Titled No Need To Be Afraid, and published by the left-wing Jimmy Reid Foundation, it weighs the risks from terrorism, cyberwar, climate change, social unrest and attacks on Scottish sovereignty over 30 years, and concludes there is little to fear in security terms from leaving the UK.

The only serious threat outside Scotland's control is climate change and its attendant economic and social problems, it says.

Independence could even improve security if it led to the removal of nuclear weapons from the Clyde – which could suffer accidents or attacks from terrorists – and Scotland was more distant from controversial UK foreign policies.

However, the report also warns "membership of military alliances with policies of aggression or retaliation, such as Nato" could increase the threat to Scottish security.

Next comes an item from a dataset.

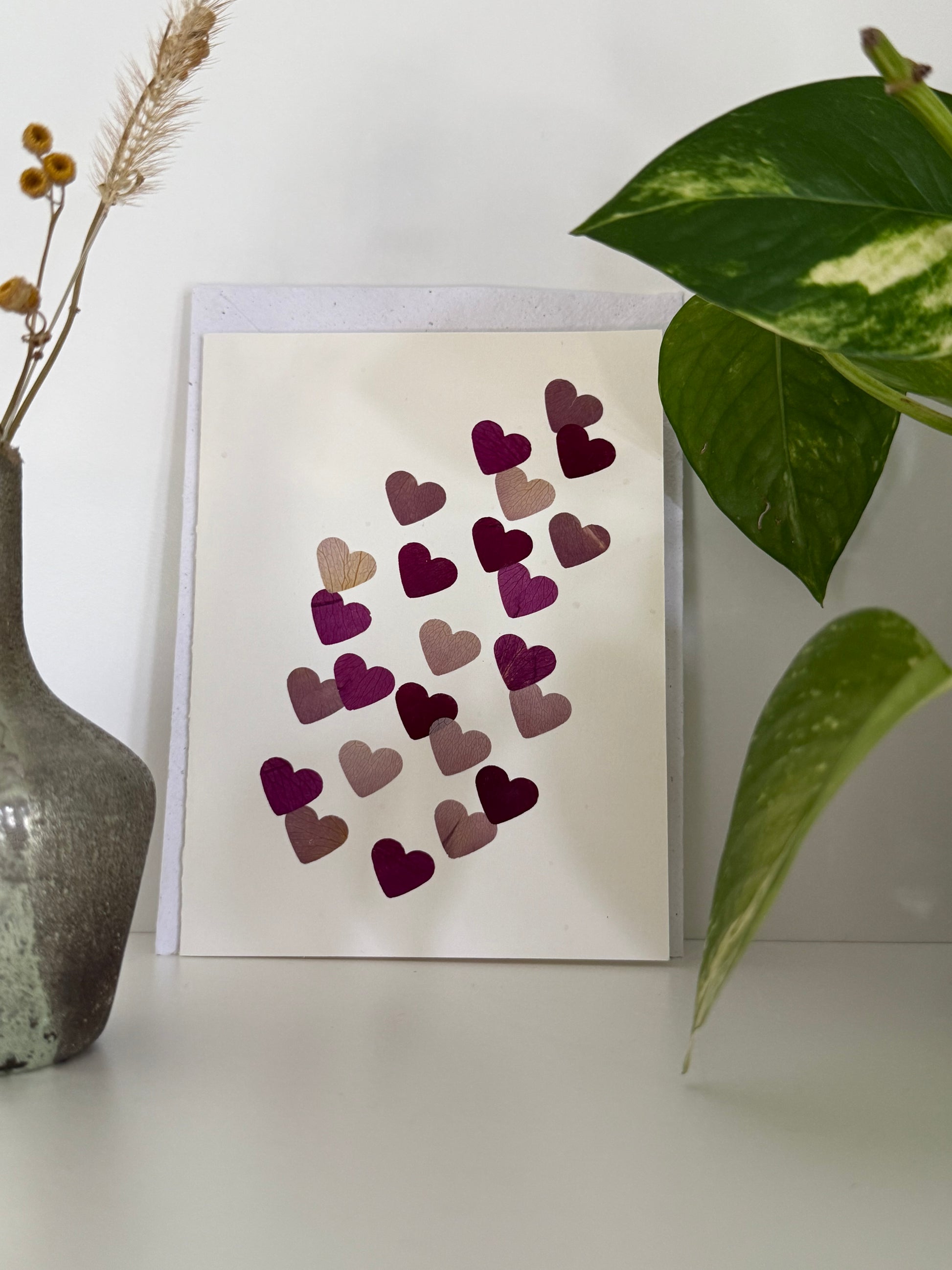 Cœurs - Carte de Fleurs Pressées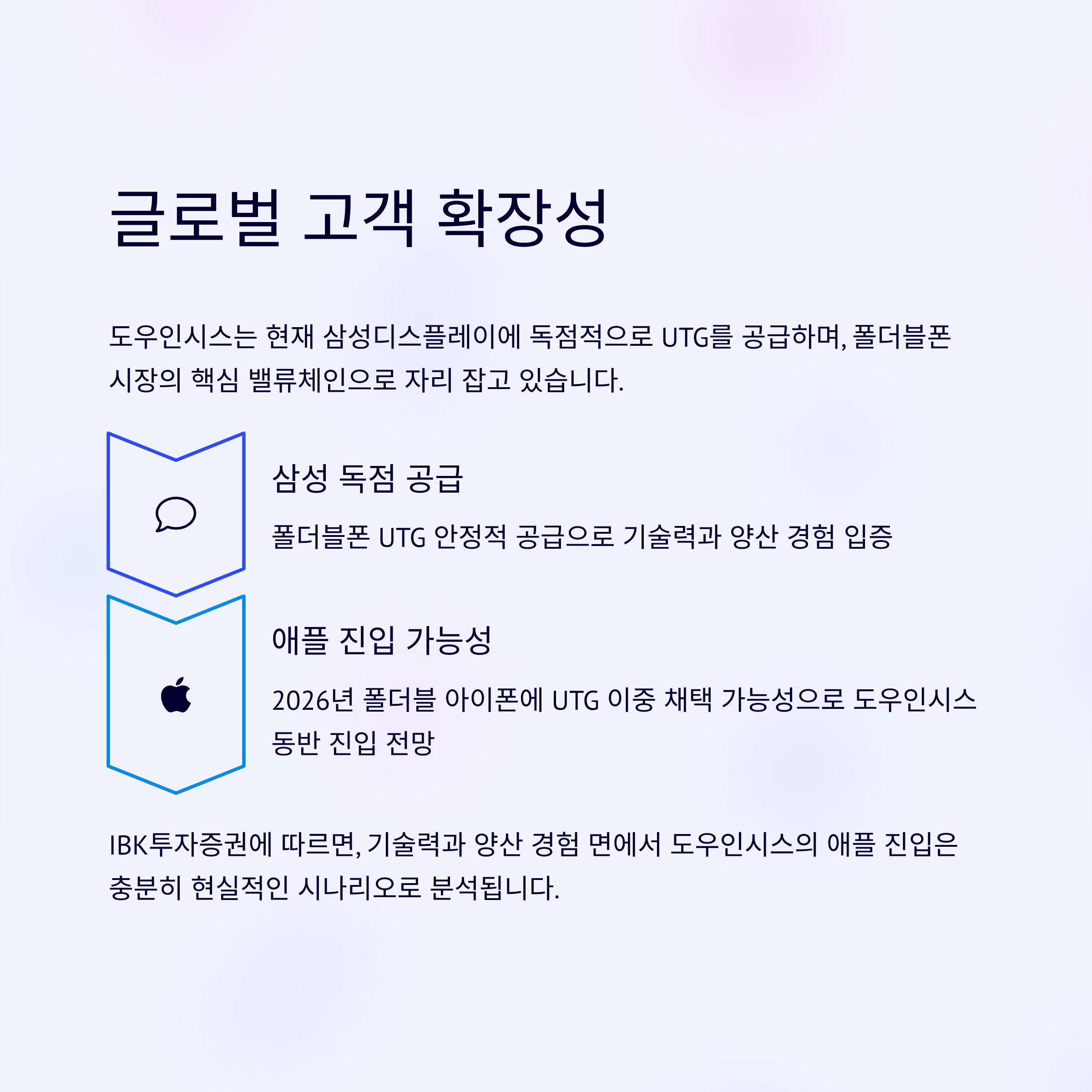 도우인시스는 초박형 강화유리(UTG) 분야에서 독보적인 경쟁력을 갖춘 기업으로, 삼성디스플레이에 UTG를 독점 공급하고 있습니다. 여기에 애플 폴더블 아이폰의 핵심 공급사로 부각되면서 2026년부터 본격적인 실적 레벨업이 기대되고 있습니다. 단기적으로는 밸류에이션 부담과 계절성 이슈가 있지만, 중장기적으로는 확실한 기술력과 시장 확장으로 주가 상승 여력은 충분해 보입니다.

It cites the 2004 al-Qaeda attacks on trains in Madrid that killed 200 people as an example of a junior Nato member being targeted in order to try to create splits in Nato over Iraq and Afghanistan.

The report is based on questionnaires completed by Dr Rebecca Johnson of the Acronym Institute for Disarmament Diplomacy; Paul Rogers, Professor of Peace Studies at Bradford University; William Walker, Professor of International Relations at St Andrews University; and Dr Bill Patterson of Stirling University's politics department.

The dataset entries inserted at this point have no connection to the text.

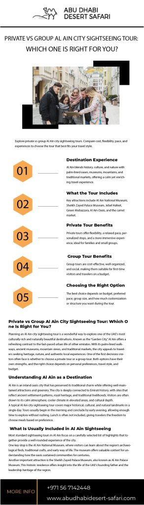 Planning an Al Ain city sightseeing tour is a wonderful way to explore one of the UAE’s most culturally rich and naturally beautiful destinations. Known as the “Garden City,” Al Ain offers a refreshing contrast to the fast-paced urban life of other emirates. With its palm-lined walkways, ancient museums, mountain views, and traditional markets, the city appeals to travelers seeking heritage, nature, and authentic local experiences. One of the first decisions visitors often face is whether to choose a private tour or a group tour. Both options have their own strengths, and the right choice depends on personal preferences, travel style, and budget.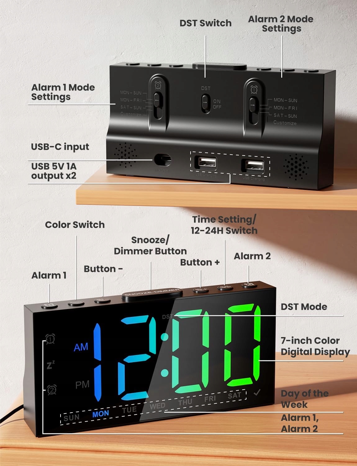 двойной USB -зарядной порты - Эта ночная тревога может заряжать 2 устройства одновременно, используя два выхода USB 5 В 1 A при спите.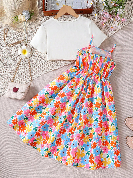 طقم ملابس علوية كاجوال بلا أكمام وفستان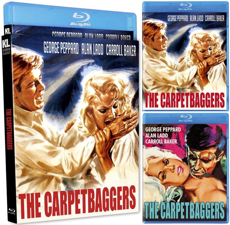 The Carpetbaggers (1964), starring George Peppard, Carroll Baker, Alan Ladd, Robert Cummings, and Martha Hyer. The release is scheduled to arrive on the market on November 28.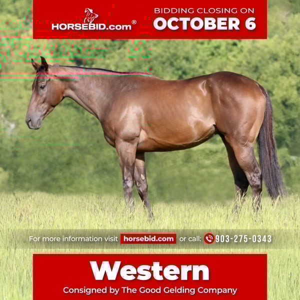 🍂 𝓐𝓾𝓽𝓾𝓶𝓷 𝑨𝑳𝑳 𝑺𝑻𝑨𝑹 𝑳𝑰𝑵𝑬𝑼𝑷 🍂 Happening now thru MONDAY | OCTOBER 6th - Available EXCLUSIVELY on HorseBid's website! For more details and to register visit: www.Horsebid.com CONSIGNOR CONTACT: The Good Gelding Company 903-275-0343 LOCATION: Athens TX BREED: Appendix REGISTERED: Yes REGISTERED NAME: Western Afleet COLOR: Bay HEIGHT: 16 AGE: 4 GENDER: Gelding Western is sweet, sensible, and lovable! At just 4 years old, this handsome bay gelding stands a solid 16 hands and already shows the maturity and kindness of an old soul. Western is as easy to have around as they come. He’s the first to meet you at the gate, easy to catch in the pasture, and the low man in the herd. In the barn, he absolutely adores his stall time and is known as the deepest sleeper in the whole place (we’ve even had to wake him up to make sure he’s not snoozing too hard 🫣). His quiet, gentle nature makes him a favorite among everyone who handles him. True to his name, Western is confident under saddle in both English and western tack. He loves riding outside, whether it’s trails, pastures, or obstacle courses, and takes everything in stride. He’s been exposed to sheep, goats, cows, llamas, deer, dogs, chickens, ducks, turkeys, and even a zedonk—proof of his level head and steady temperament. As an English prospect, Western has been started over jumps and is schooling lead changes. Soft in the bridle with a natural ability to carry himself, he’s already developing the balance and movement to stand out in the arena. His versatility makes him a fantastic candidate for a wide variety of disciplines. Western is the same horse whether he’s ridden every day or just once in a while. No drama, no silliness—just a reliable, willing partner who’s always ready for the next ride. For a young horse, his steady brain and trainable mind are what set him apart. He is current on farrier, dental, and all routine care.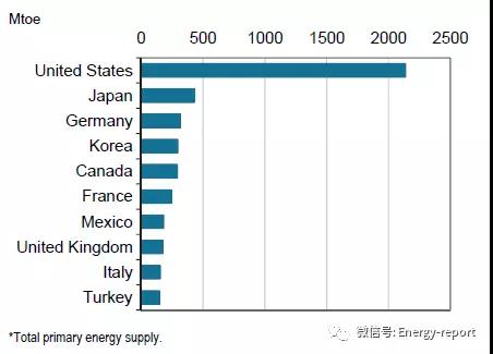 圖14 2017年一次能源供應(yīng)總量前十名的經(jīng)合組織國(guó)家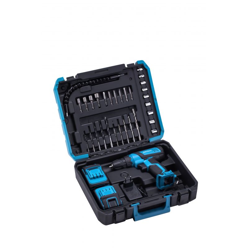 Set masina de gaurit si insurubat cu acumulator si accesorii, 21 V, 2 Ah, Kraft&Dele KD3355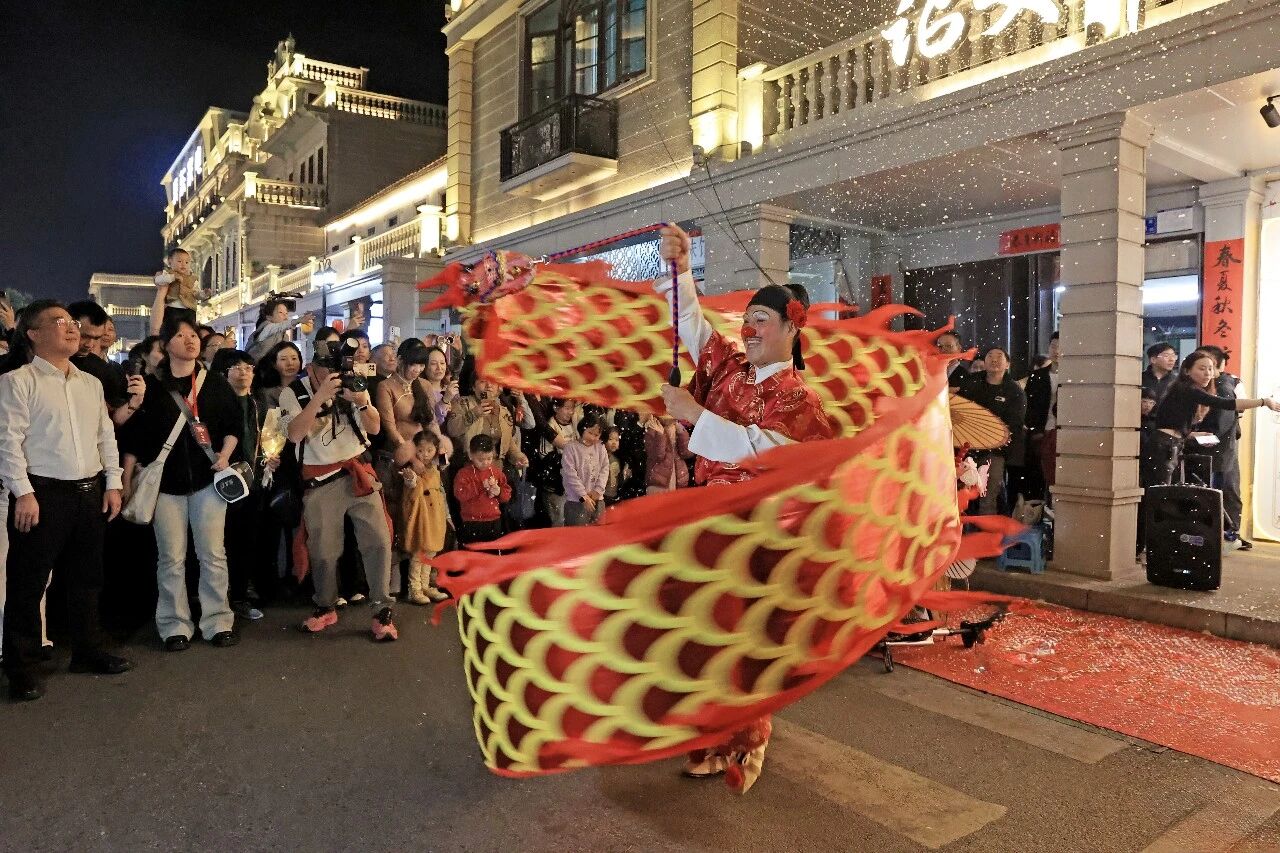 夜幕降臨,古城的熱鬧絲毫未減,反而被光影與歌聲裝點得更加迷人。騎樓幻境光影秀將百年騎樓的牆面化作流動的畫布,五彩斑斕的光影如夢境般變幻流轉,電音福娃踏著歡快的節拍,引得游客們紛紛舉起手機,定格這夢幻的一刻。抬頭望去,天台音樂趴的旋律隨風飄蕩,街頭雜耍表演的喝彩聲、飄雪秀下的歡呼聲交織成動人的夜之樂章。年輕人揮舞著熒光棒,沉浸在這座“不夜城”的獨特魅力中,享受著視聽感官的全面滿足。今年春節期間,詔安古城核心打卡地累計接待游客41萬人次,比增469.27%。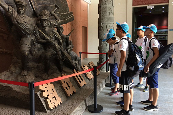 队员们正在参观山城堡战士雕塑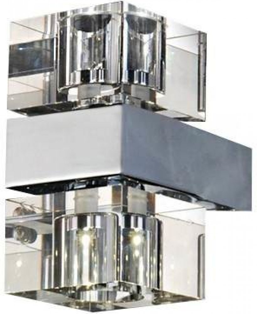 Nástěnné svítidlo Box 2 z kolekce designového osvětlení značky Azzardo působí velice moderním a elegantním dojmem díky kombinaci čirého skla s chromem. Skvěle vynikne v předsíni, ložnici nebo pracovně. Kvůli nízkému krytí IP20 není vhodné do místností s výskytem vyšší vlhkosti vzduchu. Jeho hranatá základna je vyrobena z kvalitního kovu s chromovou povrchovou úpravou. Dva čiré skleněné difuzory ve tvaru kvádrů jsou osazeny paticemi G4 o maximálním příkonu 2 x 20 W. Zdroj není součástí balení. Index podání barev je vyšší a roven hodnotě 80. Svítidlo je napájeno na 12 V. Vztahuje se na něj záruka 3 roky. Celkové rozměry činí 17 x 12,5 x 9 cm.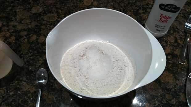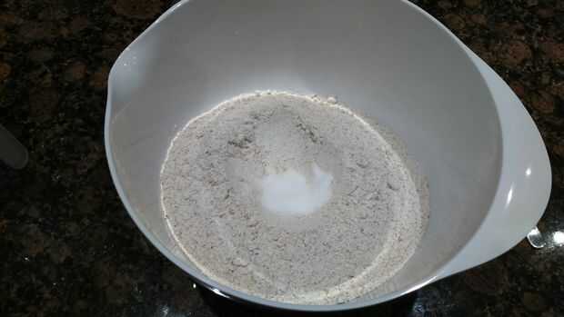 Tomar 4-5 tazas de harina (alrededor de 950-1100 gramos) y pegue en el recipiente.

On the eve of a key debate on defence at the SNP conference this week, it argues that to date the discussion around the defence of an independent Scotland has been fundamentally flawed.

It says there has been no credible assessment of the most pressing security threats and no consideration of non-military responses.

"Realistically, Scotland does not face any direct territorial threats," except as a result of collateral damage in the event of conflict between the US and Russian and China, it says.

"As long as Russia and Nato remain wedded to 20th-century military attitudes ... there remain not insignificant risks that panic, miscalculation, inadvertence or military decisions may precipitate nuclear conflict, with or without other military engagement.

"If that were to happen, Scotland could be particularly vulnerable because of the nuclear warhead store at RNAD Coulport and the Trident homeport at Faslane."

Reid Foundation director Robin McAlpine said: "What this report shows is that nothing could be more irrelevant to modern Scotland than this incessant chatter about Nato. Environmental change and austerity are a much bigger threat to the way of life of ordinary Scots than imaginary armies out to get us.

"It's time there was a more serious debate about what security really means for the Scottish people."